Understand the terms of the will. Determine who gets what. Compare to a family tree.
- Are there any class gifts, and if so, who is in the class?
- Can charitable gifts be carried out?
- Any issues of uncertainty or inconsistency?
- Will it be necessary to apply to the Court for directions?
Are there issues related to guardianship of children? Will a formal application be required?
If there are co-executors, document an agreement on roles and responsibilities. Who will do what? When?
Basic Administration
- Advertise for creditors, if appropriate
- Notify CRA
- Notify pension(s)
- Cancel credit cards
- Cancel driver’s license
- Cancel SIN card
- Cancel Passport
- Cancel health insurance
- Cancel other services such as phone, cable, and internet
- Request Canada Post to re-route mail to the executor
Secure assets
- Take control, if possible, protect, insure.
- Arrange for safekeeping.
- Get valuations of assets or commence process of having them valued.
- Did the deceased own a business or professional practice? If so, secure competent management to operate or wind up.
Retain accountant
- Ensure the estate’s accountant the appropriate expertise, particularly with respect to the tax returns that will be required.

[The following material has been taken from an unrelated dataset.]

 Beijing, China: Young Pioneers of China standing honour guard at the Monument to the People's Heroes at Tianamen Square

- Will you require US tax advice?
- Determine who will be handling bookkeeping for the estate – executor, law firm, accounting firm?
Is Probate Required?
- If probate is required, provide notice to beneficiaries, secure funds for Estate Administration Tax, prepare and file the application.
KEEP RECORDS. KEEP DETAILED RECORDS OF TIME AND MONEY.

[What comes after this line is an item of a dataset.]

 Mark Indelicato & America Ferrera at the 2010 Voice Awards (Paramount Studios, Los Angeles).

First 90 days after appointment as Estate Trustee (approximately 60-120 days of death)
- Obtain certificate of appointment.
- Secure court appointment as Estate Trustee.
- File Estate Administration Tax return within 90 days of certificate of appointment.
- Open an estate bank account.
- Close the deceased’s accounts and transfer funds.
- Provide notice of appointment as Estate Trustee, as required to creditors, asset holders, governments, pension, etc.
- Gather assets. If appropriate, file claims for life insurance, transfer title to investments, RRSPs.
- Arrange for sale of assets.
- File for CPP death benefit.
Is the estate insolvent?
- If the estate you are administering is insolvent, consider assignment into bankruptcy. If not, begin to resolve outstanding liabilities and a plan for eventual payment of others.
- Pay taxes (income, property, other), insurance, pay credit cards, pay all utilities.
Keep Records. Keep good accounts, and records of time and effort, steps taken and decisions made.
Within 6 months of death
- Determine if a married spouse of the deceased will be electing to take under the Family Law Act instead of under the will. If there was a spouse who might elect under the FLA, do not distribute any of the estate within 6 months of death.
- File the income tax return for the last year of life. Determine if a ‘rights and things’ return will be required.
Within 6-12 months of death (1-6 months after Certificate of Appointment)
- Transfer personal belongings to beneficiaries in accordance with the will. Obtain receipts.
- Continue process of transfer/sale of assets. Vehicles? Cancel insurance on goods once transferred or sold.
- Arrange roll-overs. As appropriate, roll-overs of RRSP and RRIF to spouse.
- Prepare and file appropriate returns in all jurisdictions required (US taxes?). Claim GST credit. Child tax benefit?
- Interim distribution? Consider, and if appropriate make, interim distribution to beneficiaries.
Keep Records. This obligation continues. Keep good records.
12 months after death
- Secure clearance certificate from the CRA.
- Finalize estate accounts. Provide a list of estate accounts and transactions to the beneficiaries. Determine if it will be necessary to apply to Court to pass the accounts. If so, prepare and file application.
- Distribute the estate to the beneficiaries. Secure receipts and as appropriate releases.
- Pay the approved compensation to the executor. Report as taxable income of the executor.
Administering an estate is a complex and lengthy process. Retaining the advice of a lawyer and accountant is usually a good first move.
If you are uncomfortable doing all the work yourself as an estate trustee, you can employ help while still retaining all the legal authority to make decisions. Consider using professionals to help you administer your responsibilities an executor.